Ranking, selectivity, major, location! Is this college too big, too small? Can I even afford to go to college? Many students and their parents are overwhelmed by the number of decisions they face when choosing a college. Indeed, the process seems mystifying, and families wonder how they can wade through the data -- from national rankings to “best of” lists to college affordability tools. In today’s post, we’ll tackle some of these common questions to help you break free from the endless lists and get a better understanding of the selection process.
It starts with two simple, yet powerful, questions: Why do I want to go to college? and What would I like to do after college? Some students will quickly answer these questions, but if you don’t have an exact major or career in mind, that’s perfectly fine!

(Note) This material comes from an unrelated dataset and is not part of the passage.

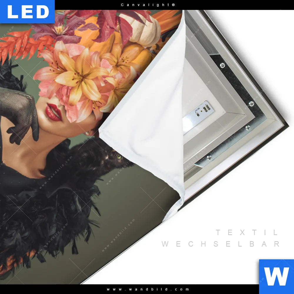 LED-Textilrahmen-Bild mit austauschbarem Porträts - Menschen, Blumen - Botanik Textil-Druck (Wechselbild)

Think about your interests: do you absolutely love your math and science classes, or would you much rather spend the afternoon lost in a novel or pondering what you studied in history? Envisioning your future, do you see yourself working with adults, or do you want to work with children? A great way to get started is with Georgia Tech’s College Guide.
As you work through your initial college list, other questions may pop up. Some colleges ask you to apply by major, and the requirements for admission by major may vary in selectivity. STEM majors (science, technology, engineering, and math) tend to be more selective than other majors, and often require a more rigorous high school curriculum. If you are applying by major, make sure you do your research! The University of Texas – Austin and FSU have published resources to help you further examine majors and their requirements. Additionally, while some schools may allow you to change your major once admitted, you may still need to remain within the college to which you were admitted. For example, if you were admitted to the college of liberal arts and sciences, you may not be able to easily transfer into the school of business. Rest assured, many schools don’t ask you to declare a major before junior year. And, did you know that Undecided is the most popular major for freshmen?
Another point to consider is the cost of college. The cost of attending a private college for four years can exceed $275,000. While in-state public universities tend to be financially more attractive at $20,000-25,000/year, merit aid and scholarships can put the cost of an expensive private college within reach. You can estimate the costs by using a College Net Price Calculator. Find one here. Knowing your Estimated Financial Contribution (EFC) will further help you narrow your college list.
Creating your college list comes down to the intersection of fit and match. College fit is the degree to which a college meets your academic, social, financial, and other needs and interests. College match refers to how YOU meet the college's requirements for admission. Begin with the most important criteria: structure -- looking at school size and type; admissibility -- your chances of getting in based on grades, test score, and selectivity; and intrinsic qualities – where you consider those personal factors like motivation and learning style and how they match up with prospective schools.